_PROVIDED ENTRIES_.
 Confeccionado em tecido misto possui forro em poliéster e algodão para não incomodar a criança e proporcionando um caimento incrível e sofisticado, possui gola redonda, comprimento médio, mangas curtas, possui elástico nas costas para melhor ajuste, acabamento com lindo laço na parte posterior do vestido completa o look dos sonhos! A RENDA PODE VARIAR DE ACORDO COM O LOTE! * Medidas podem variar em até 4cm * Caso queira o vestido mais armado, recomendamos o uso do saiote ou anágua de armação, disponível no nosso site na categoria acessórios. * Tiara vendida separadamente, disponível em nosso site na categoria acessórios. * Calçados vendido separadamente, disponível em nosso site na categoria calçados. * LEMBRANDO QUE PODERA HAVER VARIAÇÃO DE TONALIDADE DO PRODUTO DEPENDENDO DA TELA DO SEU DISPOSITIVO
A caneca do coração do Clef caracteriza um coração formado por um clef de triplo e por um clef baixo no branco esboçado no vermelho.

==

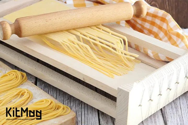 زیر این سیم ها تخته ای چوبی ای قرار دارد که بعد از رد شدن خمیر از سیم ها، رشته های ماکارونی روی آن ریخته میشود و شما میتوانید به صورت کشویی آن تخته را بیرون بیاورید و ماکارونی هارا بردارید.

_WORK ITEM_.
Above are some lines. Repeat exactly, and only, those from the line that has "Confeccionado em tecido" through the line that has "A caneca do".

_WRITTEN RESPONSE_.
 Confeccionado em tecido misto possui forro em poliéster e algodão para não incomodar a criança e proporcionando um caimento incrível e sofisticado, possui gola redonda, comprimento médio, mangas curtas, possui elástico nas costas para melhor ajuste, acabamento com lindo laço na parte posterior do vestido completa o look dos sonhos! A RENDA PODE VARIAR DE ACORDO COM O LOTE! * Medidas podem variar em até 4cm * Caso queira o vestido mais armado, recomendamos o uso do saiote ou anágua de armação, disponível no nosso site na categoria acessórios. * Tiara vendida separadamente, disponível em nosso site na categoria acessórios. * Calçados vendido separadamente, disponível em nosso site na categoria calçados. * LEMBRANDO QUE PODERA HAVER VARIAÇÃO DE TONALIDADE DO PRODUTO DEPENDENDO DA TELA DO SEU DISPOSITIVO
A caneca do coração do Clef caracteriza um coração formado por um clef de triplo e por um clef baixo no branco esboçado no vermelho.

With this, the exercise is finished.